Thank you for your time.
Mitesh
By Mitesh Sura (@SFDC_Developer) on August 20, 2013 at 10:23 am
The auto configure option follows relationships from the root object, so I assume you have a lot of those hanging from Account. You will need to manually configure or adjust to omit some relationship paths you don’t want it to follow. Can you dump via JSOn serialise the config object state, this should give you an idea of what the auto config mode is trying to do. Btw can you share the link to the GitHub issue you raised.
By Andrew Fawcett on August 20, 2013 at 3:12 pm
Did you ever find the time to improve your fabulous solution regarding scalability (meaning more records using Batch Apex)? I just had a problem where I would love to use you code but failed miserably due to Large Data Volumes (10.000 -100.000 related records)
By Robert Sösemann on January 22, 2014 at 10:36 pm
Not yet, though we happen to be looking at a project internally that needs this from this library also, once we get it done I will look into sharing.
By Andrew Fawcett on January 22, 2014 at 10:38 pm
Just merged a pull request providing an excellent contribution from Sonal4J update the library to support self references, from the developer “added ‘LastViewedDate’, ‘LastReferencedDate’ to the whitelist. It also allows to add user to serialize List containing Id’s of different objects . While deserializing Self reference fields relationship is maintained. Test methods are added to test class.”

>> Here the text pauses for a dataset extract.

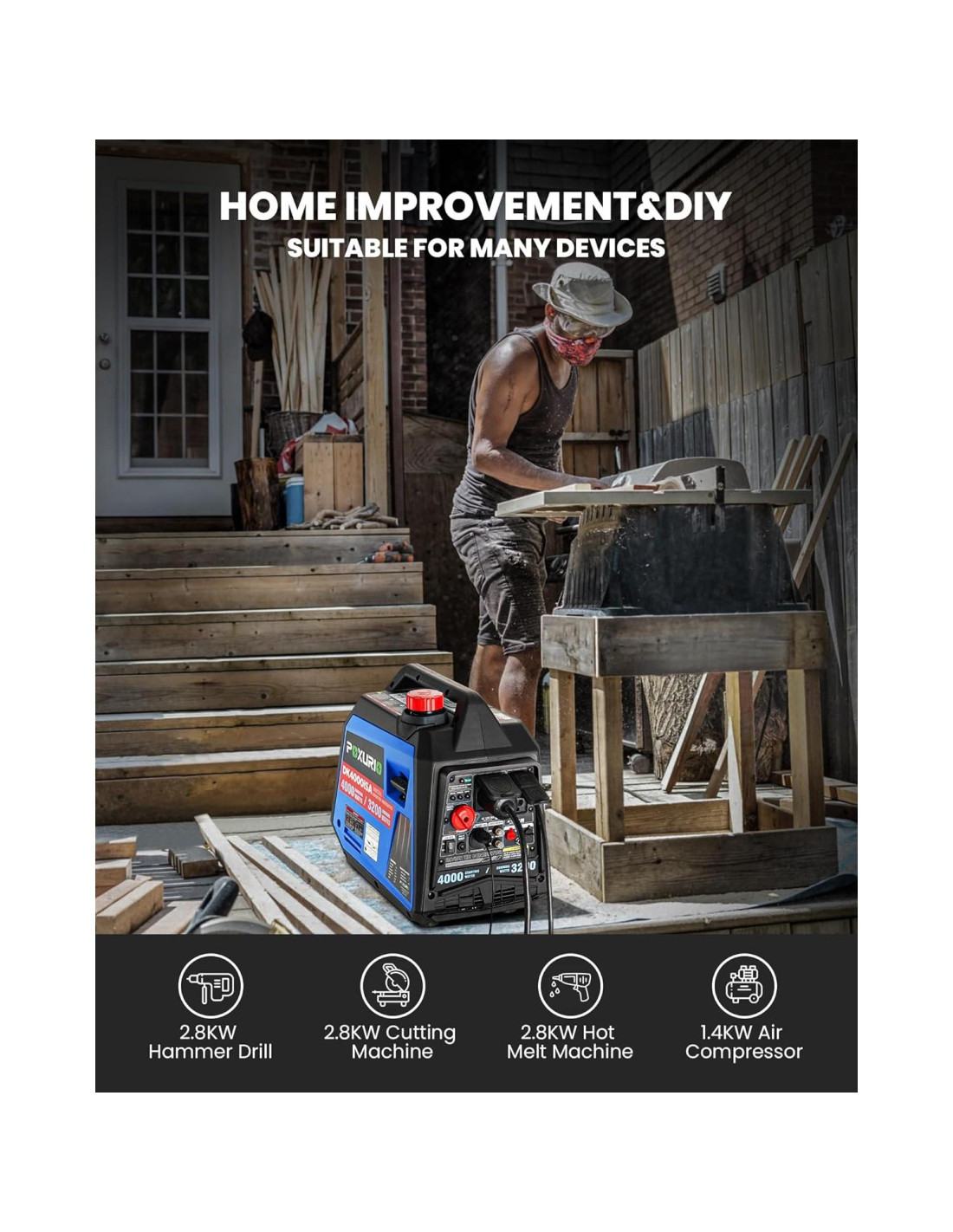 - Nombre del modelo: Generador Inversor Portátil POXURIO, DK4000iSA, Gas de 4000W Súper Silencioso Modo Ecológico/Listo para RV/Ligero/Cumple con EPA/CARB para Camping al Aire Libre, Hogar, Camión de Comida, Viaje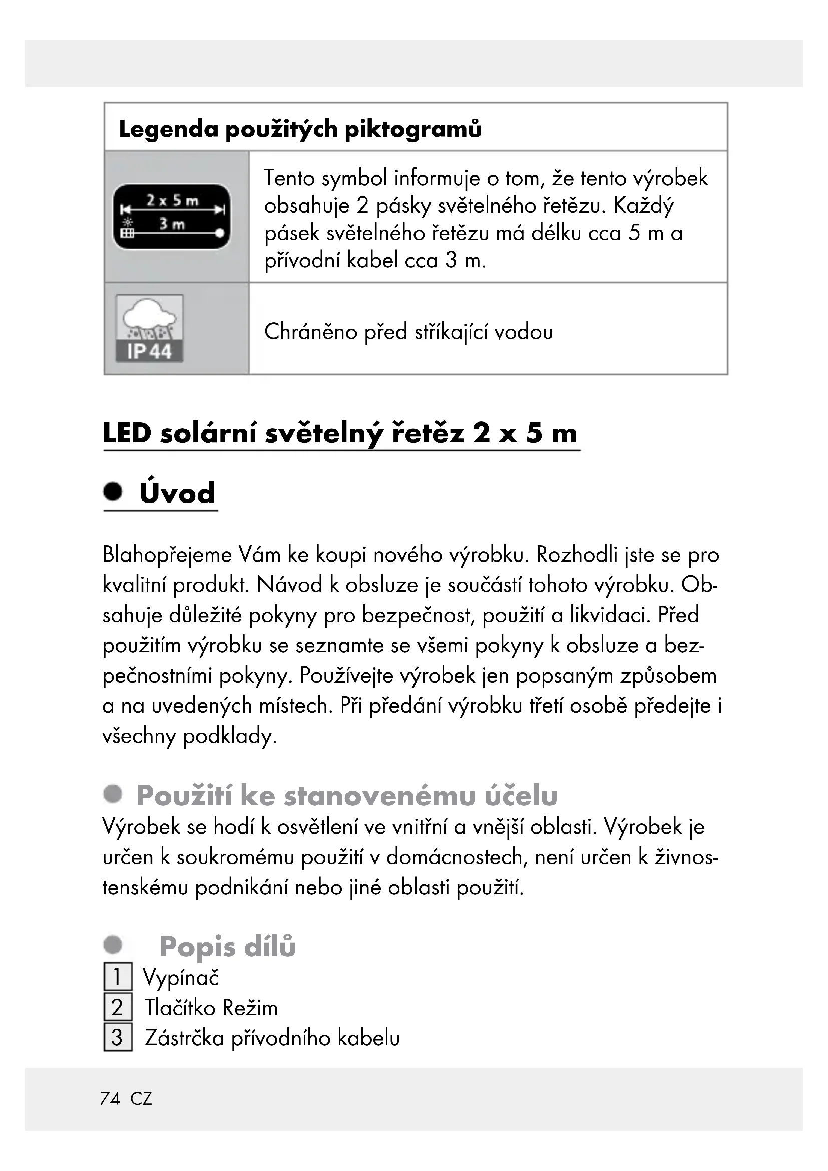 Při třídění odpadu se řiďte podle označení obalových materiálů zkratkami (a) a čísly (b), s následujícím význa- mem: 1–7: umělé hmoty / 20–22: papír a lepenka / 80–98: složené látky. Výrobek a obalové materiály jsou recyklovatelné, zlikvi- dujte je odděleně pro lepší odstranění odpadu. Logo Triman platí jen pro Francii. O možnostech likvidace vysloužilých zařízení se infor- mujte u správy vaší obce nebo města. Vzájmu ochrany životního prostředí vysloužilý výrobek nevyhazujte do domovního odpadu, ale předejte k od- borné likvidaci. O sběrnách a jejich otevíracích hodinách se můžete informovat u příslušné správy města nebo obce. Vadné nebo vybité baterie resp. akumulátory se musí, podle směrnice 2006/66/ES a jejích příslušných změn, recyklovat. Baterie, aku- mulátory i výrobek odevzdejte zpět do nabízených sběren.83 CZ Ekologické škody v důsledku chybné likvidace baterií / akumulátorů! Baterie / akumulátory se nesmí zlikvidovat v domácím odpadu. Mohou obsahovat jedovaté těžké kovy a musí se zpracovávat jako zvláštní odpad. Chemické symboly těžkých kovů: Cd = kadmium, Hg = rtuť, Pb = olovo. Proto odevzdejte opotřebované baterie / akumulátory u komunální sběrny. Záruka Výrobek byl vyroben s nejvyšší pečlivostí podle přísných kvalitativ- ních směrnic a před odesláním prošel výstupní kontrolou. V případě závad máte možnost uplatnění zákonných práv vůči prodejci. Vaše práva ze zákona nejsou omezena naší níže uvedenou zárukou. Na tento artikl platí 3 záruka od data zakoupení. Záruční lhůta začíná od data zakoupení. Uschovejte si dobře originál pokladní stvrzenky. Tuto stvrzenku budete potřebovat jako doklad o zakoupení. Pokud se do 3 let od data zakoupení tohoto výrobku vyskytne vada materiálu nebo výrobní vada, výrobek Vám – dle našeho rozhod- nutí – bezplatně opravíme nebo vyměníme. Tato záruka zaniká, jestliže se výrobek poškodí, neodborně použil nebo neobdržel pravidelnou údržbu. Záruka platí na vady materiálu a výrobní vady. Tato záruka se ne- vztahuje na díly výrobku podléhající opotřebení (např. na baterie), dále na poškození křehkých, choulostivých dílů, např. vypínačů, akumulátorů nebo dílů zhotovených ze skla.84 CZ Postup v případě uplatňování záruky Pro zajištění rychlého zpracování Vašeho případu se řiďte násle- dujícími pokyny: Pro všechny požadavky si připravte pokladní stvrzenku a číslo arti- klu (např. IAN 123456_7890) jako doklad o zakoupení. Číslo artiklu najdete na typovém štítku, gravuře, titulní stránce ná- vodu (vlevo dole) nebo na nálepce na zadní nebo spodní straně. V případě poruch funkce nebo jiných závad nejdříve kontaktujte, telefonicky nebo e-mailem, v následujícím textu uvedené servisní oddělení. Výrobek registrovaný jako vadný potom můžete s přiloženým do- kladem o zakoupení (pokladní stvrzenkou) a údaji k závadě a kdy k ní došlo, bezplatně zaslat na adresu servisu, která Vám byla sdělena. Servis Servis Česká republika Tel.: 800 143 873 E-Mail: owim@lidl.cz85 SK Legenda použitých piktogramov ..........Strana 86 Úvod ...............................................................................Strana 86 Používanie v súlade s určeným účelom ........................Strana 86 Popis častí .......................................................................Strana 87 Obsah dodávky .............................................................Strana 87 Technické údaje .............................................................Strana 87 Bezpečnostné upozornenia ........................Strana 88 Bezpečnostné pokyny špecifické pre výrobok .............Strana 89 Bezpečnostné upozornenia týkajúce sa batérií / akumulátorových batérií ..................................Strana 89 Spôsob činnosti .....................................................Strana 90 Montáž .........................................................................Strana 91 Obsluha .......................................................................Strana 91 Umiestnenie produktu ....................................................Strana 91 Funkcia časovača ..........................................................Strana 93 Údržba a čistenie .................................................Strana 93 Odstraňovanie porúch....................................Strana 94 Likvidácia ...................................................................Strana 94 Záruka ..........................................................................Strana 96 Postup v prípade poškodenia v záruke ........................Strana 97 Servis ...............................................................................Strana 9786 SK Legenda použitých piktogramov Tento symbol udáva, že výrobok pozostáva z 2 pásov svetelných reťazí. Každý pás svetelnej reťaze meria cca. 5 m a prívodové vedenie cca. 3 m. S ochranou proti striekajúcej vode LED solárna svetelná reťaz 2 x 5 m Úvod Blahoželáme Vám ku kúpe Vášho nového výrobku. Rozhodli ste sa pre veľmi kvalitný výrobok. Návod na obsluhu je súčasťou tohto výrobku. Obsahuje dôležité upozornenia týkajúce sa bezpečnosti, používania a likvidácie. Skôr ako začnete výrobok používať, oboznámte sa so všetkými pokynmi k obsluhe a bezpečnosti. Výrobok používajte iba v súlade s popisom a v uvedených oblas- tiach používania. V prípade postúpenia výrobku ďalším osobám odovzdajte aj všetky dokumenty patriace k výrobku. Používanie v súlade s určeným účelom Výrobok slúži na osvetlenie vo vnútorných a vonkajších priestoroch. Výrobok je určený pre súkromné domácnosti a nie je určený na komerčné účely alebo pre iné oblasti nasadenia.87 SK Popis čast

By Andrew Fawcett on March 5, 2014 at 1:44 pm
Andrew – That’s indeed great work. From your blog, I came to understand that we need to pass set of Ids to serialize method. Something like this:
Set clonedMasterIds =
SObjectDataLoader.deserialize( SObjectDataLoader.serialize(masterIdsToDeepClone) );
However, when I do that, I get some “implementation error”. Can you tell me how to fix this?
Also, will it clone the master object, child and grandchild object? Any chances of hitting the governor limit????
By Rajeev Shekhar on May 26, 2015 at 7:13 am
Yes it will support master, child, grandchild. And yes with a lot of data governors will kick in. If your getting an error can you raise a GitHub Issue please regarding your error.
By Andrew Fawcett on June 6, 2015 at 9:50 am
Hi Andy,
can you help me in getting product names of an opportunity through dynamic apex?
By Lakshmi Prasanna on June 29, 2016 at 11:59 am
Is this relating to SObject data loader?